The end was nigh – and redemption was nigh, too. The end arrived, but redemption did not. Jan Matthys, a Dutch baker, had risen to become the leader of the Anabaptist movement and the ruling figure in Münster and was now prophesying that the world would come to an end at Easter 1534. Only people who had lived in a manner that found favour with God would be admitted into paradise. For Matthys and his followers, who had driven out the bishop and then the Lutherans even before Matthys’s arrival, Münster, a Hanseatic town in Westphalia, was the new Jerusalem. In this Christian republic of 11,000 souls, in the words of the chief preacher Bernd Rothmann, the “hitherto hidden rule of Christ” was already manifest.

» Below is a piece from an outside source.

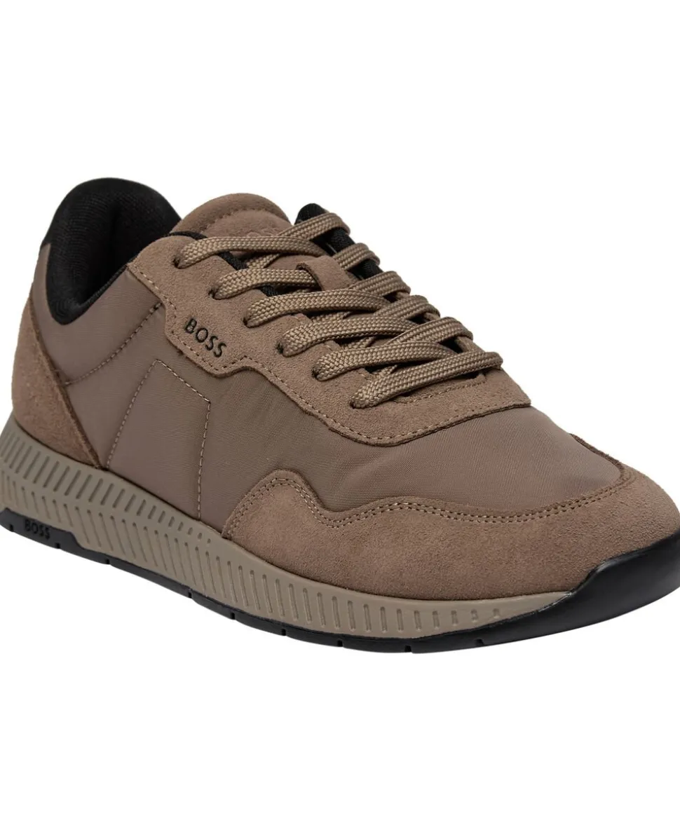 Disse sneakers fra BOSS Menswear har en polstret overdel i mat nylon med bløde ruskindsbelægninger, der giver et sporty look. Karakteristisk ribsål

Matthys had called on his followers to execute the godless as a way of purging the town “of all that is unclean”. In the end they were merely compelled to leave Münster. Anyone staying behind had to submit to being baptised for a second time – hence the term ‘anabaptism’, or (Greek) ‘re-baptism’. A community of goods and property was established. Food stocks and all money had to be surrendered to the community and documents and promissory notes were destroyed. All books with the exception of the Bible were burnt. This militant proto-communism was not about class warfare but rather the desire to live as the early Christians had lived. A preacher called Stutenbernt proclaimed that “the possessions of Christian brothers and sisters belong to each and every Christian. What belongs to one, belongs to everyone.”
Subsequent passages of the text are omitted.